The records -
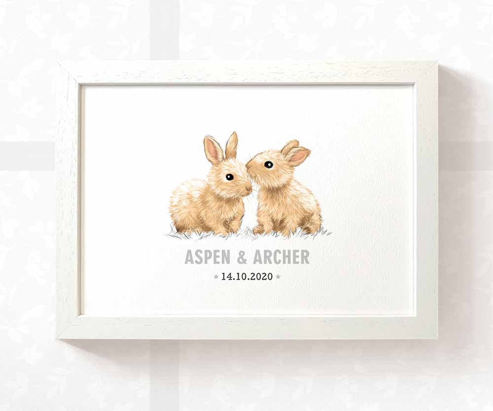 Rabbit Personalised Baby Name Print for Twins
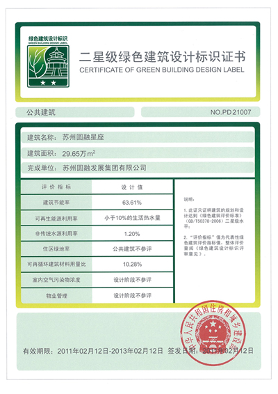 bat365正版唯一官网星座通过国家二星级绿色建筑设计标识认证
* * *
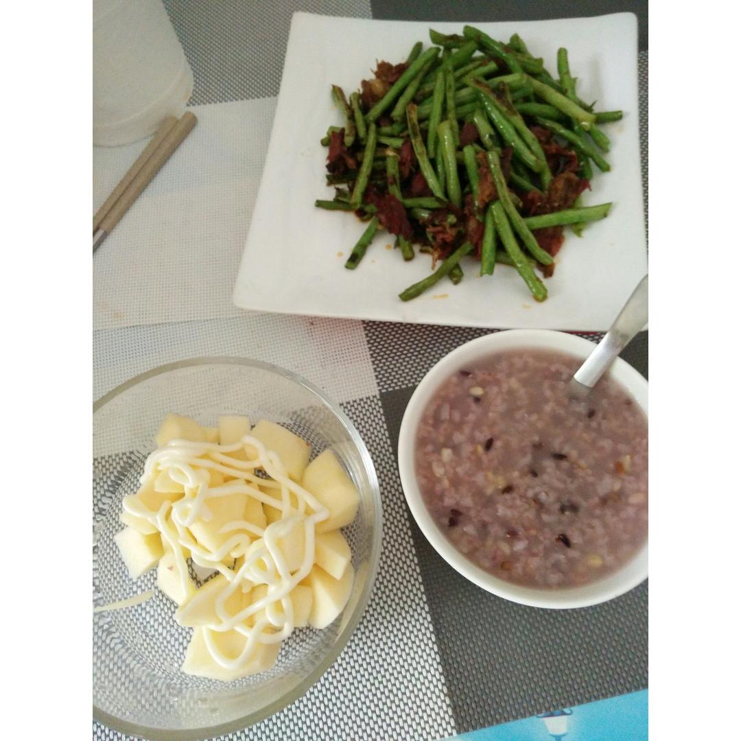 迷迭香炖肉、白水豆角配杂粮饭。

Work to complete -
Copy out exactly the material that runs from the line with "Rabbit Personalised Baby" to the line with "bat365正版唯一官网星座通过国家二星级绿色建筑设计标识认证", ends included, and leave the pictures behind.

Answer box -
 Rabbit Personalised Baby Name Print for Twins
 bat365正版唯一官网星座通过国家二星级绿色建筑设计标识认证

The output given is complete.